Plasma accelerators, Plasma simulation, Plasma transport processes, Magnetic confinement

Mildly relativistic plasma collisions are commonly found in astrophysical scenarios, in particularly strong supernovae [1, 2, 3, 4], in gamma ray bursts (GRBs) [5, 6, 7, 8] and

in the jets of microquasars [9, 10, 11] and active galactic nuclei [12] [13] [14].

The prompt emissions of the ultrarelativistic GRBs are probably the most spectacular eruptions of electromagnetic radiation in the universe, as they are observed across cosmological distances. Since the first observations of GRBs thousands have been detected. They all share a common signature of energetic radiation attributed to highly relativistic electrons and strong magnetic fields.

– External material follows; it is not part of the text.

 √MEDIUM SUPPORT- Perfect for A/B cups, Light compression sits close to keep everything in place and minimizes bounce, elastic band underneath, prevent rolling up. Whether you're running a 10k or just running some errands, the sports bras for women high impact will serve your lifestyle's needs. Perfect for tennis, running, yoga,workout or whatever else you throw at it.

The details of the underlying physical mechanism which causes the prompt emissions is still unknown. In particular, the method by which magnetic field is generated and sustained, and the means by which electrons are accelerated to ultrarelativistic speeds in sufficient numbers to be injected into the Fermi mechanism is still under debate. It is therefore interesting and relevant to use numerical simulations to probe the behaviour of magnetised shocks to see if a robust mechanism to amplify the field self-consistently may be found.

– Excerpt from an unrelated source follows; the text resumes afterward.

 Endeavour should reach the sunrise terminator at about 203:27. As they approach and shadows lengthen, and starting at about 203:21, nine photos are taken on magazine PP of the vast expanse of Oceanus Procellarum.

While the first-order Fermi acceleration mechanism is certainly capable of accelerating particles [15] to ultrarelativistic energies, it requires a seed population of non-thermal particles before it can viably accelerate them to high energies. This mechanism may also not be able to provide rapidly enough the huge quantities of highly relativistic electrons, which drive the prompt emissions of gamma ray bursts. Plasma instabilities driven by the relativistic flow may be a more likely candidate mechanism.

-a Plasma Instabilities

Many instabilities, such as the two-stream, filamentation or Weibel-type and oblique instabilities are expected to operate in the relativistic plasma, and it is not a straightforward task to distinguish the dominant mode [16],[17]. The Weibel-type filamentation instability is expected to generate or amplify magnetic fields. Since the pioneering studies of the electromagnetic Weibel instability [18, 19] and of the beam-Weibel or filamentation instability [20, 21, 22] much work has been done, both analytical [23, 24, 25, 26] and numerical using kinetic particle-in-cell simulations [27, 28, 29] and Vlasov simulations [30].

Reconnection in pair plasmas also excites the Weibel instability [31, 32].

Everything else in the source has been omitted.